Okay, so you're probably thinking oh crap. Don't worry, it's not going to be that kind of post, I promise!
So anyway, this afternoon as I was cooking dinner I had PBS on. They happened to be rebroadcasting part of their documentary on Mormonism. I'd seen it once before, mainly because being the curious gal I am I simply wanted to know more. I mean, all I knew about the religion I learned from South Park. Now, I know better than to believe everything I hear from cartoon characters, but I also know South Park well enough to figure that there was at least a basic grain of truth to the inanity. So, I watched in order to learn about a culture I knew nothing about.
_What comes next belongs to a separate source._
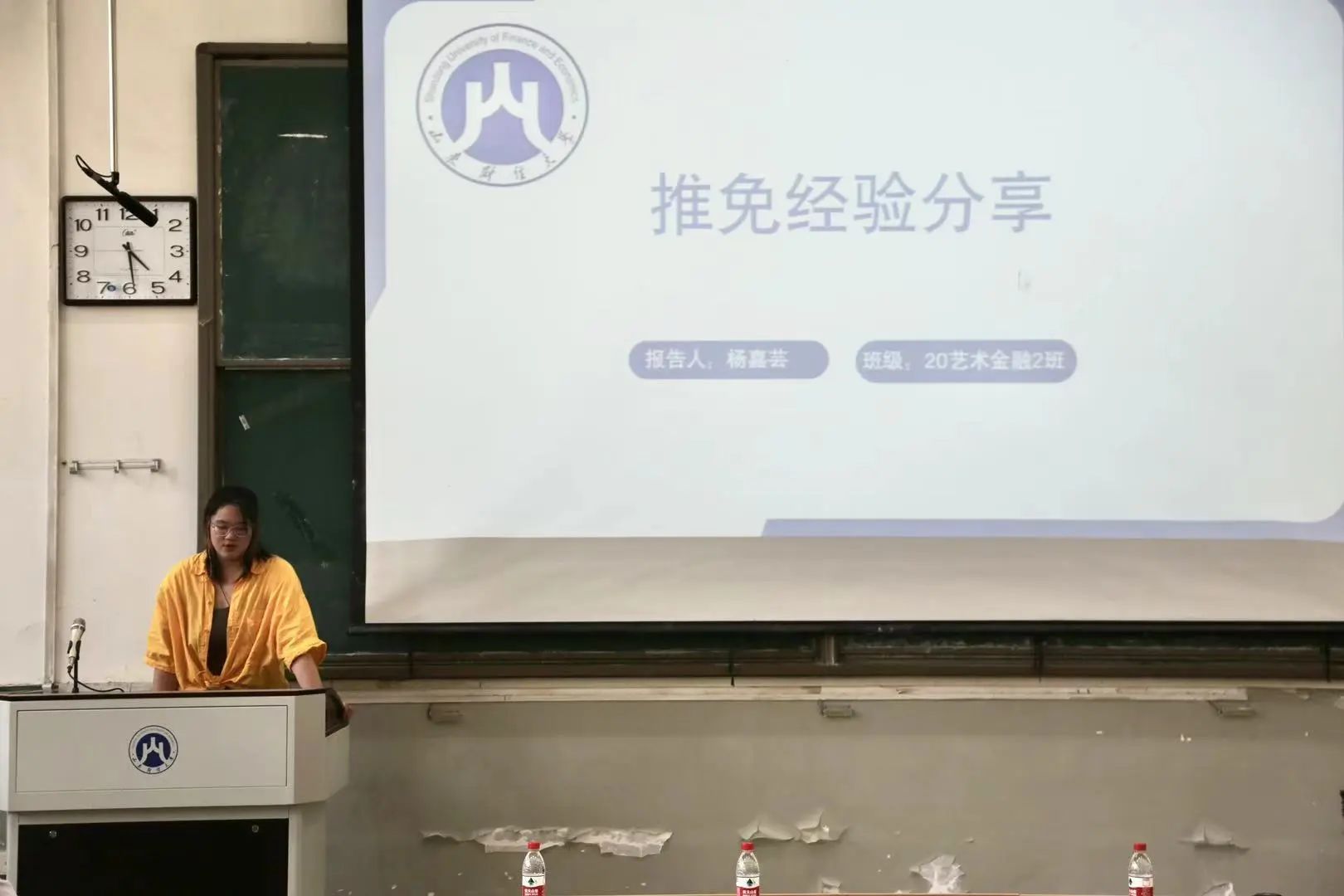 随后,杨嘉芸学姐上台为大家带来了推免方面的经验分享。她详细介绍了推免的基本流程和申请条件,并结合个人经历,详细讲解了推免申请过程中的注意事项和技巧。她强调推免不仅要求同学们具备扎实的专业基础,还需要注重综合素质的培养和提升。她建议同学们多参加各类学术竞赛、实践活动和志愿服务等,以丰富自己的履历和经历。同时,她还分享了如何在申请材料中展示自己的优势和亮点等实用建议。

Anyway, fast forward to today where I had it tuned into the same documentary. As I was sitting there, eating a yummy vegan chickpea and spinach curry, I listened to the people they interviewed speaking about the surety of seeing their loved ones again in Heaven. I mean, they were positive, beyond a shadow of a doubt, and their faith in this knowledge was unshakable. They kept saying how comforting it was to have this knowledge.
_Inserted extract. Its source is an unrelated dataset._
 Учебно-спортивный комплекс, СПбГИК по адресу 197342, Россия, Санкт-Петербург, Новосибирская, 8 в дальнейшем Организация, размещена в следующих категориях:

How lucky they are to have that unshakable faith. I think I had that once, but it's long gone. I can't say without a doubt that I'll see my loved ones again in the next life. I don't necessarily believe there is one. But oh how lovely the idea of it is! Sometimes it makes me jealous that I can't just hang on to those kind of beliefs as others do.
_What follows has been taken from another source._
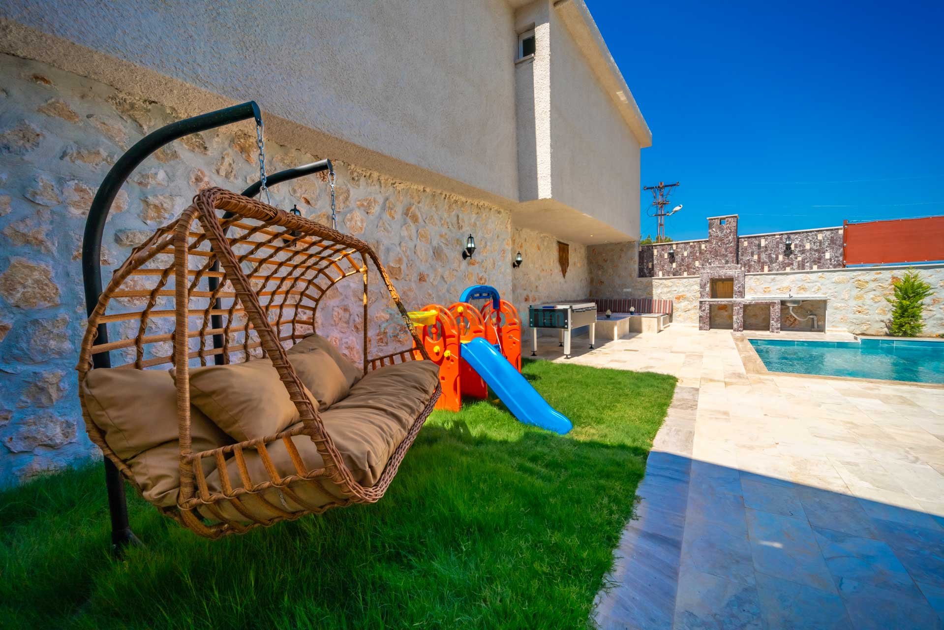 Villa Zeyno 6, Antalya Kaş Kalkan'ın Akbel mevkiinde konumlanmış, 2 yatak odası ile 4 kişilik konaklama kapasitesine sahip, çekirdek ailelere ve balayı çiftlerine hitap eden kiralık tatil villasıdır. Villamızda, bütün bir yılın stresini atabileceğiniz özel havuzu ve jakuzisi mevcuttur. Geniş terasında tatilin tadını çıkarabileceğiniz barbeküsü, köşk alanı ve eğlenceli vakit geçirebileceğiniz langırt ve çocuklar için mini oyun alanı bulunmaktadır. Villa Zeyno 6, korunaklı taş yapıda tasarlanmış, modern ve şık dizayn edilmiş, rahat ve konforlu bir tatil seçeneği sunmaktadır.

I know, I know... this is round about the time when some people would say "open your heart to Jesus, and He'll show you the way!" If that's what you did, and it worked for you, then I am happy you found your Path. Jesus had my heart the first 18 years of my life. Guess what? It didn't take. I mean, I'm sure he's a great guy and he had some really good ideas, but he's just not my flavor. The problem is, whenever organized religions come into play, my seldom-used sense of logic and reason rears its ugly head and I can do no more than think "pretty poetry."
As much I believe in such woo-woo things as ghosts and reincarnation (ask my about my past life where I drowned some time), I fear that this is it. We've just got what we're given and that's the end of that. When you're gone, you're gone. Their is no God/dess/Infinite/Deities and we're all just kidding ourselves that our existence is anything more than a cosmic accident.
When faced with that kind of thinking, I can see why people would rather believe in Heaven.